Comments (49)
Note that emmeans
has equivalence testing baked into the test()
function via the delta
arg, so it should be super easy to implament this in modelbased
.
library(emmeans)
fit <- lm(Sepal.Length ~ Species, iris)
em_ <- emmeans(fit, ~ Species)
pair_test <- pairs(em_)
test(pair_test)
#> contrast estimate SE df t.ratio p.value
#> setosa - versicolor -0.930 0.103 147 -9.033 <.0001
#> setosa - virginica -1.582 0.103 147 -15.366 <.0001
#> versicolor - virginica -0.652 0.103 147 -6.333 <.0001
#>
#> P value adjustment: tukey method for comparing a family of 3 estimates
test(pair_test, delta = 1)
#> contrast estimate SE df t.ratio p.value
#> setosa - versicolor -0.930 0.103 147 -0.680 0.5761
#> setosa - virginica -1.582 0.103 147 5.653 1.0000
#> versicolor - virginica -0.652 0.103 147 -3.380 0.0014
#>
#> P value adjustment: sidak method for 3 tests
#> Statistics are tests of equivalence with a threshold of 1
#> P values are left-tailed
Created on 2020-04-14 by the reprex package (v0.3.0)
from parameters.
Daniellllllll STOP. BEING. BAYESIAN!
Ask what is not rejected!
A + C - Accept
B - Reject"
D - Undecided
from parameters.
I'm drafting a function, cet()
, and reading that paper again. I think it's very similar (if not the same) to Kruschke's equivalence-testing. What I don't exactly understand, is: how is delta calculated in this figure?
https://journals.plos.org/plosone/article/figure?id=10.1371/journal.pone.0195145.g001
The delta in this figure is the rope in equicalence_test()
. The major difference I see is that with a similar approach to equivalence:test()
, we would be more conservative than the suggestions by the CET-paper, if I understand it right. But that's no disadvantage.
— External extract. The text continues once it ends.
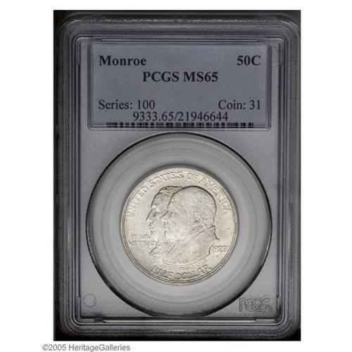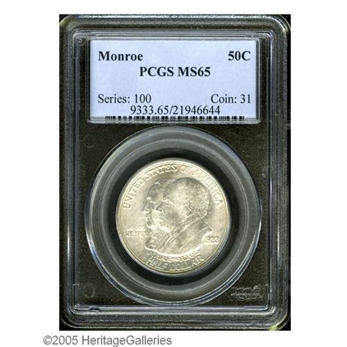 1923-S 50C Monroe MS65 PCGS. Bright, very well struck 1923-S[50C] Monroe MS65 PCGS.

My impression is, that the method the authors suggest is a bit complicated and less intuitive. See the third error bar from top in the left panel here, which is inconclusive. The larger (blue) CI crosses the zero, while the smaller CI (organge) does not. However, the 4th errorbar in the group "negative" has the same properties. The only difference is that both upper CIs also lie within the deltas, that's what it apparantly makes it negative instead of inconclusive...
Edit: The rules seems to be:
- inconclusive: If zero is crossed, but at least on of the smaller CI (orange) are outside the ROPE
- negative: Zero is crossed and smaller CI (orange) are inside rope.
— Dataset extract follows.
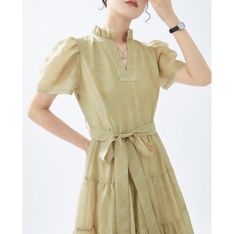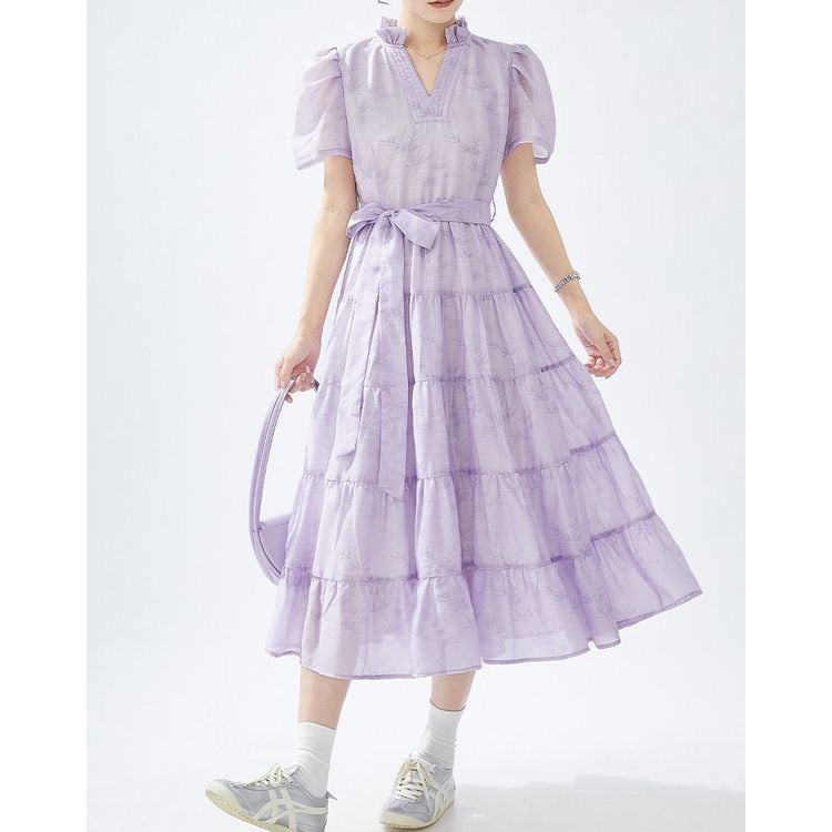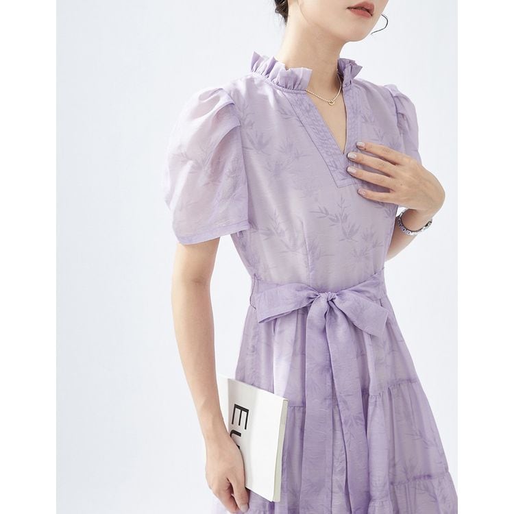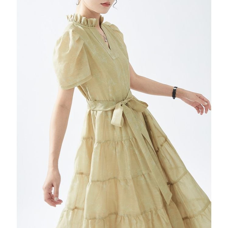 爽やかな印象のカラーと、ティアードデザインが華やかなワンピース。

- positive: not crossing zero (which means: statistical significance)
We can follow this rule, but at the moment I will write this function in accordance with Kruschke's equi-testing.
from parameters.
I feel like the Conditional ET paradigm is indeed a bit more convoluted than a straight ET,, and after reading the paper I was not sure of the rationale and necessity for this conditional decision rule involving alpha and 2*alpha.
But yes, let's first add "regular" ET for frequentist models, and then we can add the conditional variant.!
from parameters.
Test... Some differences look impressive, but given the small ranges of CI, ratios have larger difference very quickly.
library(bayestestR)
library(parameters)
library(rstanarm)
m1 <- lm(mpg ~ gear + wt + cyl + hp, data = mtcars)
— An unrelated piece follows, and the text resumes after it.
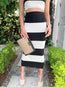 The Summer White Midi Skirt offers a sleek, bodycon fit crafted from soft knit fabric for all-day comfort. Its stylish striped pattern adds a fresh, modern touch, and it pairs effortlessly with the matching top to create a coordinated, eye-catching outfit perfect for sunny days and warm nights.

m2 <- stan_glm(mpg ~ gear + wt + cyl + hp, data = mtcars)
equivalence_test(m2, ci = .95)
#> # Test for Practical Equivalence
#>
#> ROPE: [-0.60 0.60]
#>
#> Parameter H0 inside ROPE 95% HDI
#> (Intercept) rejected 0.00 % [24.96 48.78]
#> gear undecided 43.86 % [-1.59 2.32]
#> wt rejected 0.00 % [-4.70 -1.29]
#> cyl undecided 37.38 % [-2.09 0.58]
#> hp accepted 100.00 % [-0.05 0.01]
cet(m1)
#> # Conditional Equivalence Test
#>
#> Region of equivalence: [-0.60 0.60]
#>
#> parameter H0 inside ROPE 95% CI
#> (Intercept) rejected 0.00 % [24.44 48.94]
#> gear undecided 29.37 % [-1.69 2.41]
#> wt rejected 0.00 % [-4.77 -1.28]
#> cyl undecided 42.29 % [-2.17 0.55]
#> hp accepted 100.00 % [-0.05 0.01]
Created on 2019-03-21 by the reprex package (v0.2.1)
from parameters.
But yes, let's first add "regular" ET for frequentist models, and then we can add the conditional variant.!
Yeah, I agree. Yet I think we should probably find another name than cet()
, to avoid confusion? Or is it still ok?
(I can't commit from here, so I will commit later...)
from parameters.
That's interesting! Could the fact that in the Bayesian case in uses hdi and quantile method for the frequentist add to the difference?
For the name, I think it makes sense to keep the equivalence_test()
and rope()
methods and expand them to support freq models. cet
(or equivalence_test(..., conditional=TRUE)
or such) could be reserved for the method described by the paper. What do you think?
from parameters.
Yes, I was also thinking about equivalence_test()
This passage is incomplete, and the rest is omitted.